▶ [Activity]
From the first line of the entries down to the line with "Rococo to jeden", write out every line exactly; that last line counts, but pictures do not.

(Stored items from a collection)

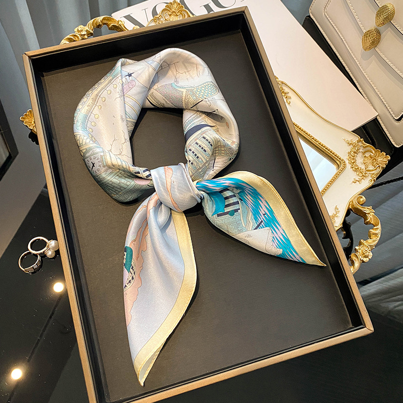 春季新款减龄时尚真丝丝巾高级洋气百搭桑蚕丝丝巾印花围巾女
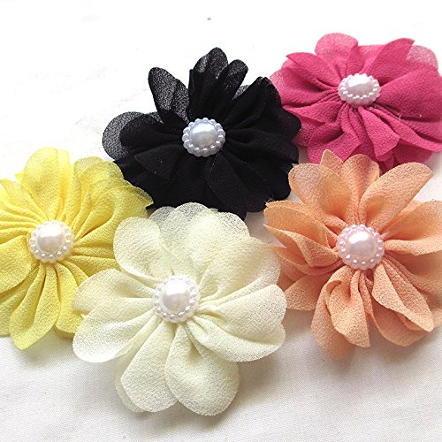 25pcs Fabric Ribbon Flowers Bows Rhinestone Appliques Craft Bulk A445 (Multi-color)
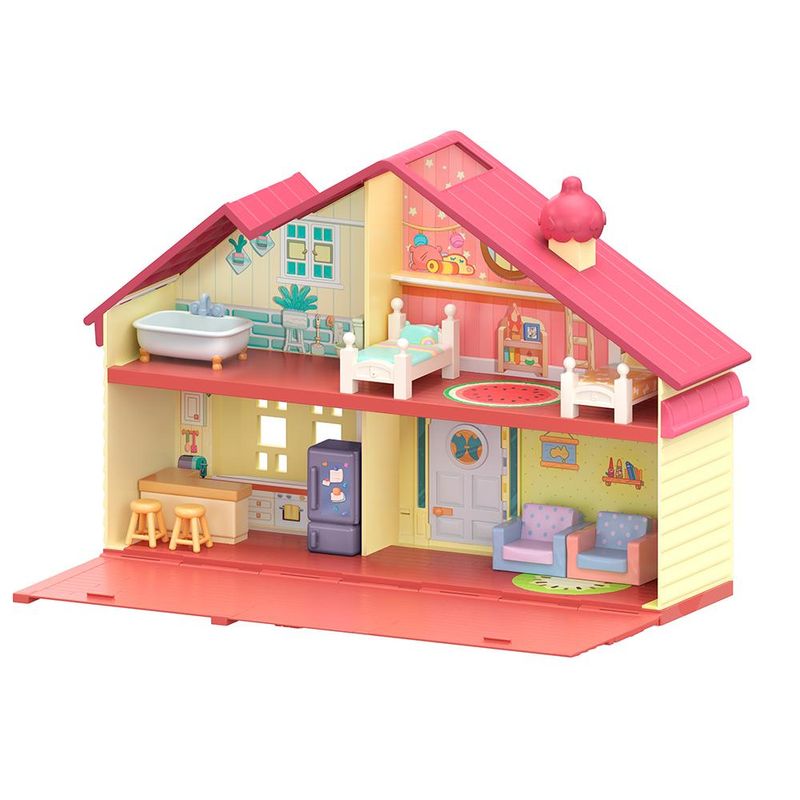 Grande em tamanho e recursos, este enorme Playset é cheio de detalhes. Há muito espaço para Bluey e sua família brincarem em quatro cômodos diferentes - sala de estar, cozinha, quarto e banheiro. Com muitos móveis removíveis, incluindo 2 camas, 2 banquetas, 2 sofás, 2 tapetes, banheira, vaso sanitário, balcão da sala de jantar e geladeira, há muito o que fazer nesta linda casa. Uma figura de Bluey também está incluída na Casa da Família. A brincadeira ficará muito mais divertida com o Family Home Playset da Bluey!
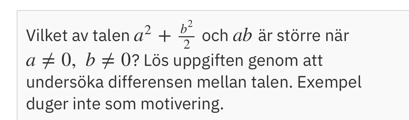 Således: Differensen mellan talen (a^2+b^2/2) och ab är alltid >0, dvs talet (a^2+b^2/2) är alltid större än ab för alla värden på a och b (då dom inte är lika med 0)
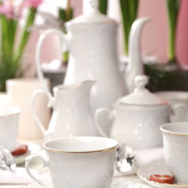 Rococo to jeden z najstarszych fasonów porcelany w Polsce. Projekt pochodzi z XIX wieku i jest potwierdzeniem ponadczasowości klasycznych wzorów porcelany. Cechą charakterystyczną fasonu są ornamentowe zdobienia przypominające muszle. Dekoracja Złota Linia (3604) to subtelna, złota kreska wokół brzegów porcelanowych naczyń. Tak niewiele trzeba, by uwydatnić i podkreślić piękno cienkosciennej porcelany z muszelkowym reliefem.
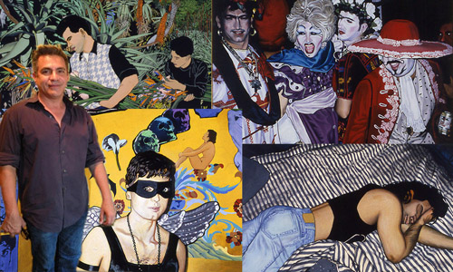 Joey Terrill was born and raised in Los Angeles as a second generation Mexican American whose art reflects a coming together of his Chicano and queer identity. Even though at times these two identities can conflict with one another Terrill is able to bring them together in interesting ways. Terrill went to Immaculate Heart College from 1973-76 and then to Cal State LA in 2002-04. He has been involved in grass roots political AIDS activism for over 20 years. He was first diagnosed with HIV at the age of 25 and talks about the effects of long term use of HIV medications which is represented in his art work.
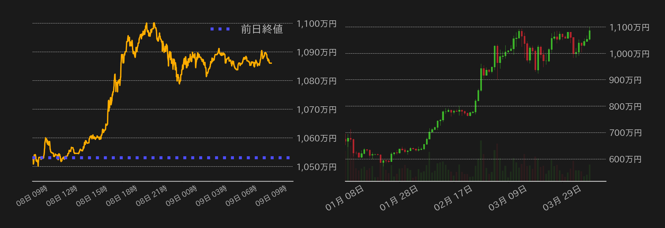 8日のビットコイン(BTC)対円は続伸し、1100万円の高値を付け史上最高値を更新した。来週に半減期を控える中、BTCのドル建て相場は三角保ち合いからのブレイクアウトが意識される水準でこの日の取引を始めると、東京時間終盤からはジリ高に転じ、海外時間に入ると上値を追う展開となり、保ち合い上抜けに成功。また、この日は東証上場のメタプラネットが10億円分のBTC購入を取締役会で決議したと発表したことも好感され、BTC円は史上最高値を更新し、米時間に入るまでに1100万円にタッチした。その後は金相場の失速とドル高を眺め1080万円まで上げ幅を縮小したが、明日の米消費者物価指数(CPI)の発表を控え米主要株価3指数が横ばいとなったことで、BTC円も下げ止まった。
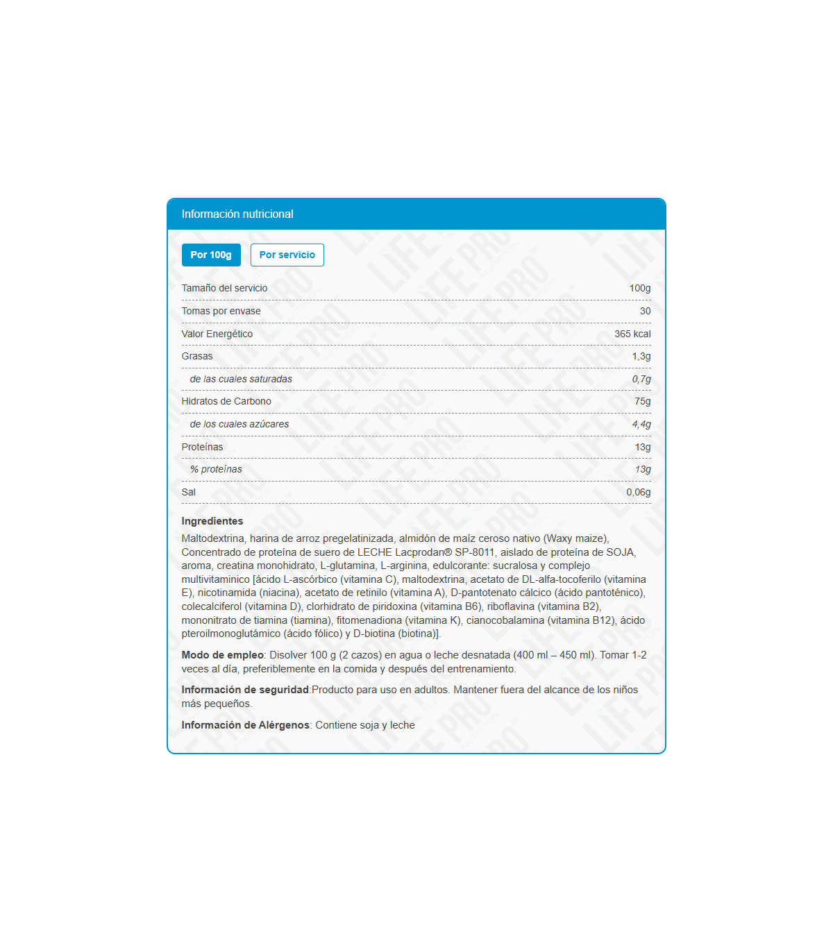 El Mass Gainer Dragon Ball Super Edición Limitada de LifePRO es un complemento alimenticio hipercalórico en polvo diseñado para ayudarte a alcanzar un superávit calórico de forma sencilla, con una combinación estratégica de carbohidratos, proteínas, aminoácidos y vitaminas.

▶ [Response to the task]
 春季新款减龄时尚真丝丝巾高级洋气百搭桑蚕丝丝巾印花围巾女
 25pcs Fabric Ribbon Flowers Bows Rhinestone Appliques Craft Bulk A445 (Multi-color)
 Grande em tamanho e recursos, este enorme Playset é cheio de detalhes. Há muito espaço para Bluey e sua família brincarem em quatro cômodos diferentes - sala de estar, cozinha, quarto e banheiro. Com muitos móveis removíveis, incluindo 2 camas, 2 banquetas, 2 sofás, 2 tapetes, banheira, vaso sanitário, balcão da sala de jantar e geladeira, há muito o que fazer nesta linda casa. Uma figura de Bluey também está incluída na Casa da Família. A brincadeira ficará muito mais divertida com o Family Home Playset da Bluey!
 Således: Differensen mellan talen (a^2+b^2/2) och ab är alltid >0, dvs talet (a^2+b^2/2) är alltid större än ab för alla värden på a och b (då dom inte är lika med 0)
 Rococo to jeden z najstarszych fasonów porcelany w Polsce. Projekt pochodzi z XIX wieku i jest potwierdzeniem ponadczasowości klasycznych wzorów porcelany. Cechą charakterystyczną fasonu są ornamentowe zdobienia przypominające muszle. Dekoracja Złota Linia (3604) to subtelna, złota kreska wokół brzegów porcelanowych naczyń. Tak niewiele trzeba, by uwydatnić i podkreślić piękno cienkosciennej porcelany z muszelkowym reliefem.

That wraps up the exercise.